- GOAL OF THE EXERCISE:
Only the lines below between the one holding "Из тёмно-коричневых и" and the one holding "婚礼婚庆公司宣传介绍PPT模", inclusive, are to be reproduced word for word; the pictures are to be left out.

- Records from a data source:
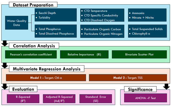 Figure 1 outlines the workflow for the proposed study, starting with dataset preparation, where water quality data undergoes preprocessing to address missing values, remove duplicate records, and ensure data consistency. In the Correlation Analysis phase, the relationships between the water quality variables and the target variables (Chl-a and TSS) are examined using Pearson’s correlation coefficient. Additionally, the relative importance (RI) index is employed to determine the influence of each predictor variable, while bivariate scatter plots visualize the linear relationships. This analysis identifies the key water quality parameters that exhibit statistically significant correlations with the target variables. The third stage involves Multivariate Regression Analysis, where two separate models are developed: Model 1, which focuses on predicting Chl-a concentrations, and Model 2, which targets the prediction of TSS levels. These models aim to uncover the functional relationships between the predictors and the target variables, considering the complexity and interdependence of the environmental factors. All statistical analyses and visualizations were performed using Python (v3.11.7) with the statsmodels, scikit-learn, and matplotlib packages.
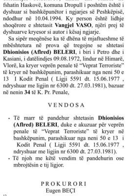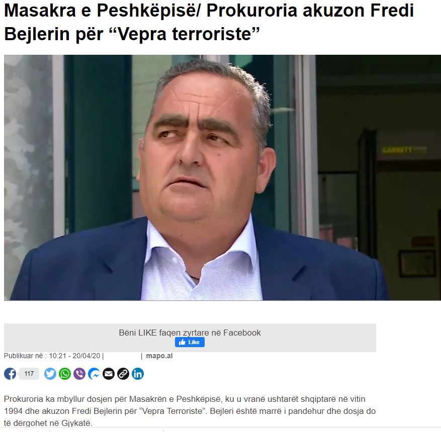 Η Εισαγγελία έκλεισε τον φάκελο της ‘Σφαγής στην Επισκοπή’, όπου σκοτώθηκαν Αλβανοί στρατιώτες το έτος 1994 και κατηγορεί τον Φρέντυ Μπελέρη για «τρομοκρατικές πράξεις». Ο Μπελέρης έχει κατηγορηθεί και ο φάκελος θα σταλεί στο δικαστήριο, γράφει αλβανικό δημοσίευμα.
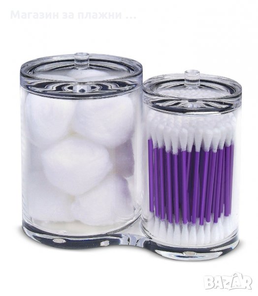 Органайзерът за памучни тампони и памучни дискове не може да липсва в банята Ви! Две различни отделения, свързани помежду си с много удобни и практични капачета за съхранение на памучни тампони и памучни дискове.
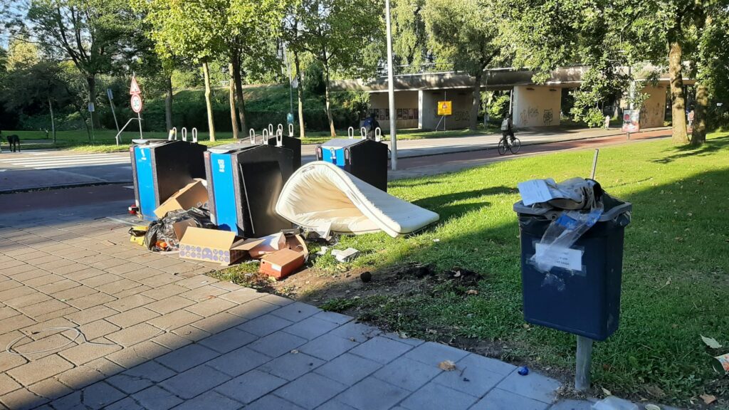 Onder meer op de kruising van de Mispellaan en de Elzenlaan zijn de vuilcontainers bijna niet meer te onderscheiden van de grote berg afval en huisraad die eromheen gedumpt is. Ook aan de Asingastraat lag er ogenschijnlijk meer afval buiten een aantal papier- en glascontainers dan erin.
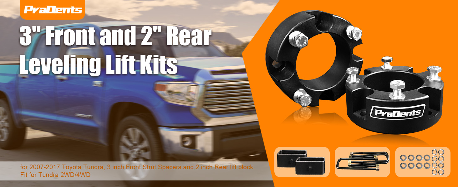This PraOents leveling lift kit offers a 3-inch front and 2-inch rear suspension lift specifically designed for 2007-2017 Toyota Tundra models. Made from durable alloy steel, it enhances ground clearance and vehicle stance while ensuring precise fitment and easy installation. The kit includes a 2-year free parts replacement warranty, combining rugged performance with peace of mind.
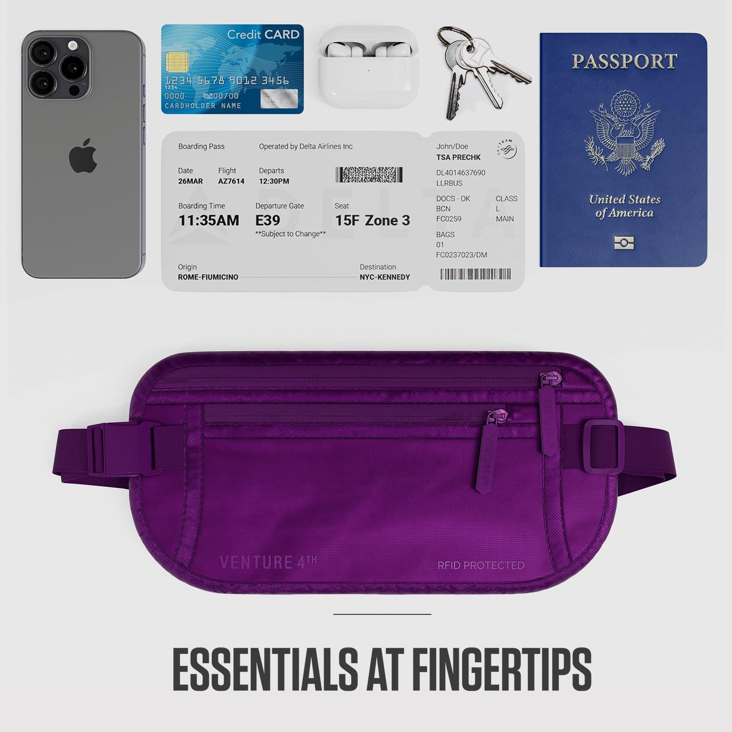 VENTURE 4TH Travel Money Belt - Slim Passport Holder RFID Blocking Travel Pouch to Protect Cash, Credit Cards and Travel Documents (Gray)(Sleek Purple)
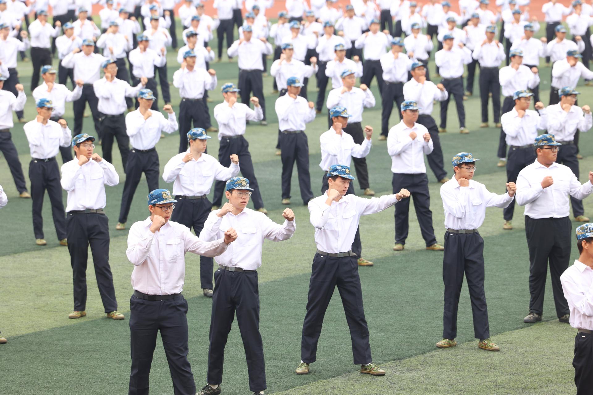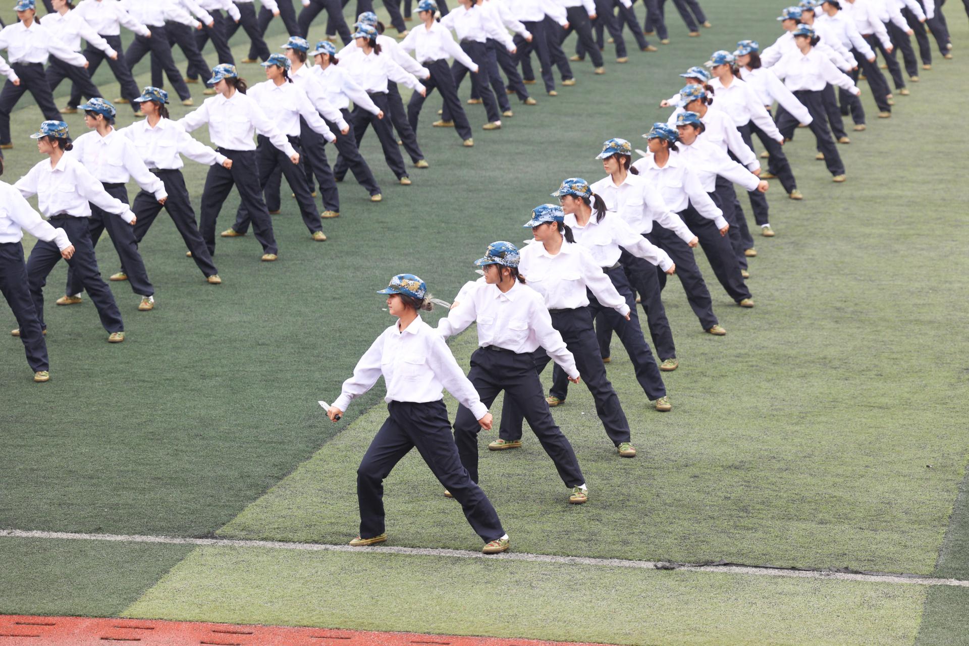 各學院新生組成的37個方陣,以飽滿的精神、嚴整的隊形、鏗鏘的步伐和嘹亮的口號,依次走過主席臺前接受檢閱,他們朝氣蓬勃,意志堅定,展現了大學生積極向上的青春風采。
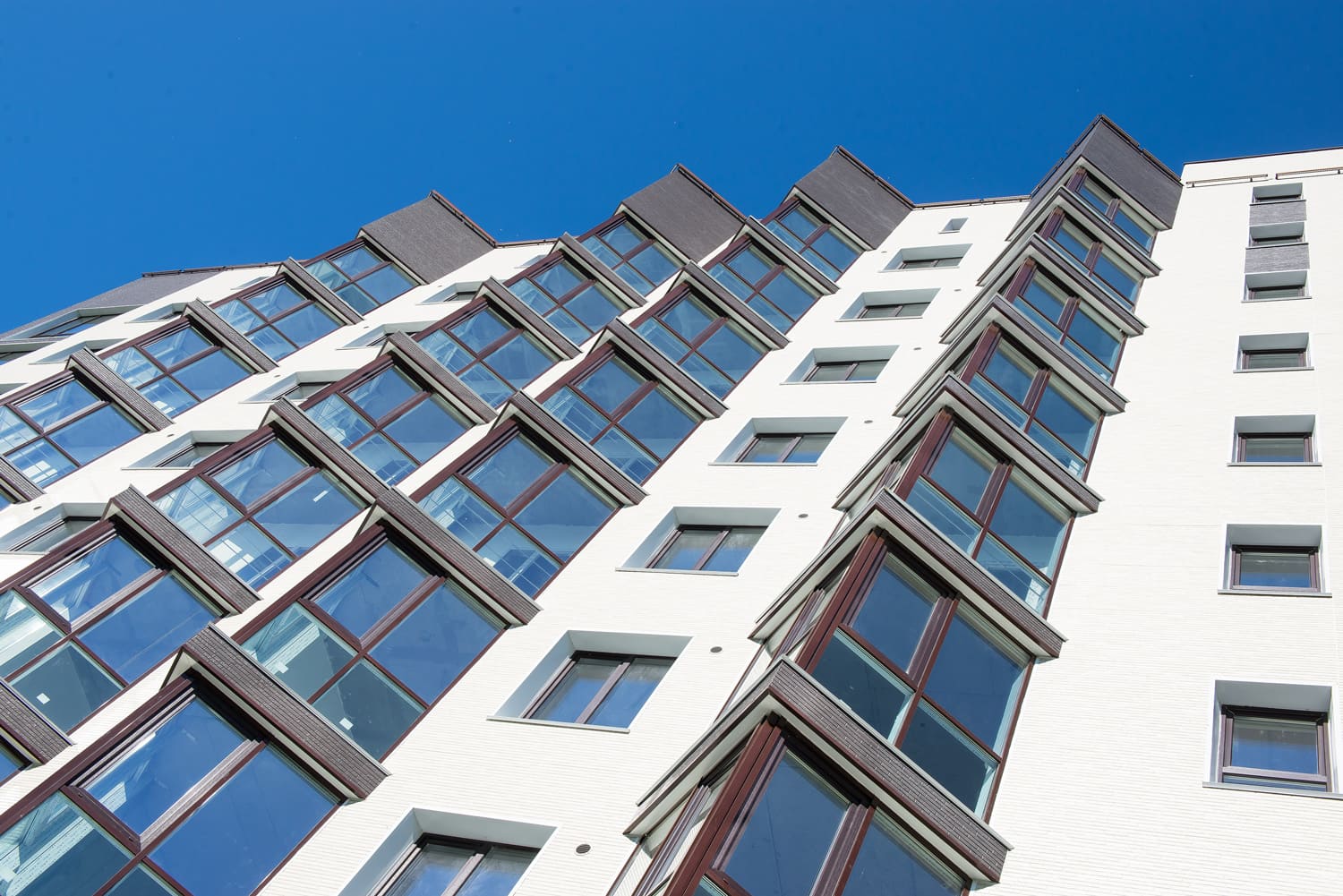Из тёмно-коричневых и красных фиброцементных панелей под кирпич
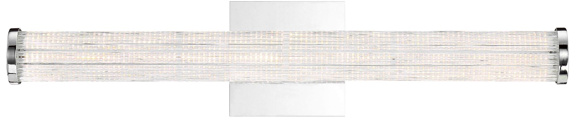 Explore a detailed design-friendly look for a lighting choice in contemporary spaces. Eurofase crafters blend clear glass with a texturized aesthetic and shiny chrome finish metal to keep up with the most energetic style motifs. This medium chrome and clear glass bath light offers the energy efficiency of LED lighting and may be installed vertically or horizontally for custom effects.
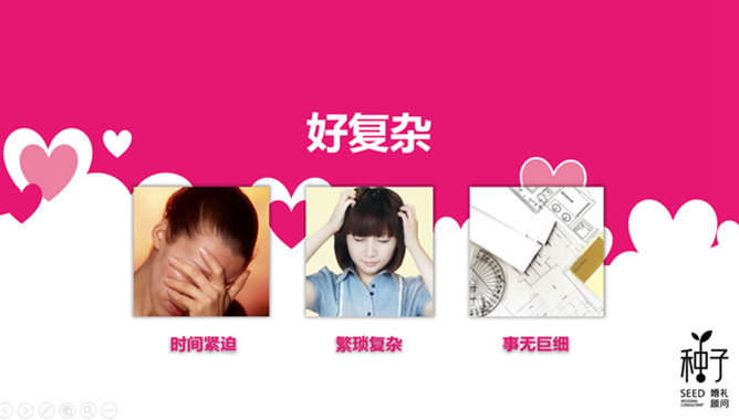 婚礼婚庆公司宣传介绍PPT模板。一份精美创意婚庆公司、婚礼策划工作室宣传介绍幻灯片模板,粉色主色调,安心装饰,华丽漂亮的动态播放效果。
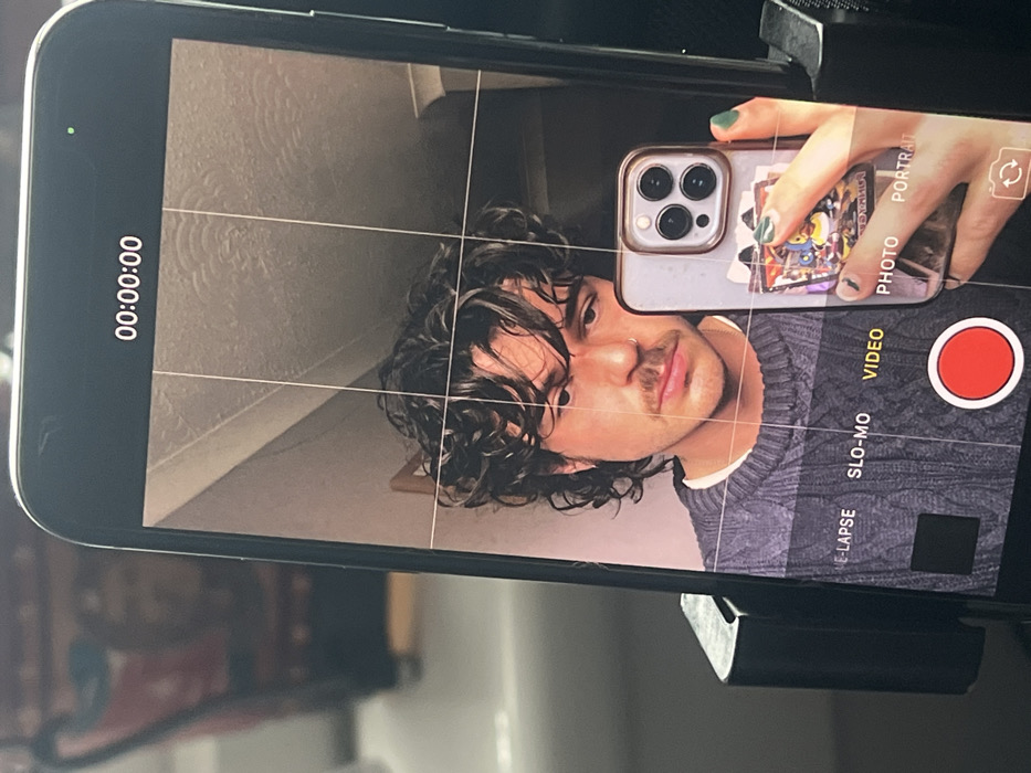 A dark-colored smartphone, likely an iPhone, is depicted vertically within a black mount or stand, in an indoor setting. Its screen displays the camera application interface, currently set to "VIDEO" mode with a timer showing "00:00:00" and a prominent red record button. The screen captures a reflection from a mirror. The reflection prominently features a male individual, appearing to be in his 20s or 30s, with dark, curly, medium-length hair and a mustache. He is wearing a dark grey or blue cable-knit sweater over a white crew-neck shirt. He has a small ring piercing in his left nostril and an earring in his left earlobe. His eyes are directed towards the reflected camera. In the lower right section of the reflection, a hand with green-painted fingernails is visible, holding a second smartphone. This device also appears to be an iPhone, featuring a triple camera array on its back, enclosed in a light-colored case adorned with multiple colorful stickers, including one resembling a collectible card. The background within the reflection shows a light-colored, textured wall and a partial architectural feature. Outside the primary phone's screen, in the upper left, a blurry, dark red object, possibly furniture, is discernible. The overall scene is located in the city of Unknown, Unknown.
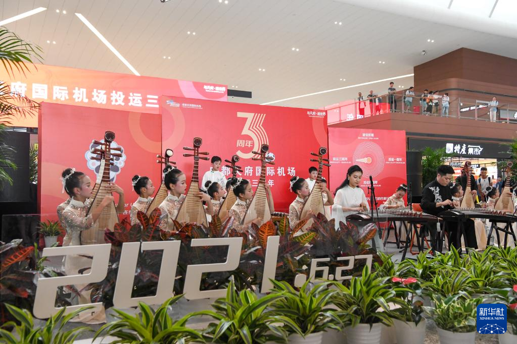 6月27日在成都天府国际机场T2航站楼内拍摄的投运三周年庆祝活动现场。

- FINISHED EXERCISE:
Из тёмно-коричневых и красных фиброцементных панелей под кирпич
 Explore a detailed design-friendly look for a lighting choice in contemporary spaces. Eurofase crafters blend clear glass with a texturized aesthetic and shiny chrome finish metal to keep up with the most energetic style motifs. This medium chrome and clear glass bath light offers the energy efficiency of LED lighting and may be installed vertically or horizontally for custom effects.
 婚礼婚庆公司宣传介绍PPT模板。一份精美创意婚庆公司、婚礼策划工作室宣传介绍幻灯片模板,粉色主色调,安心装饰,华丽漂亮的动态播放效果。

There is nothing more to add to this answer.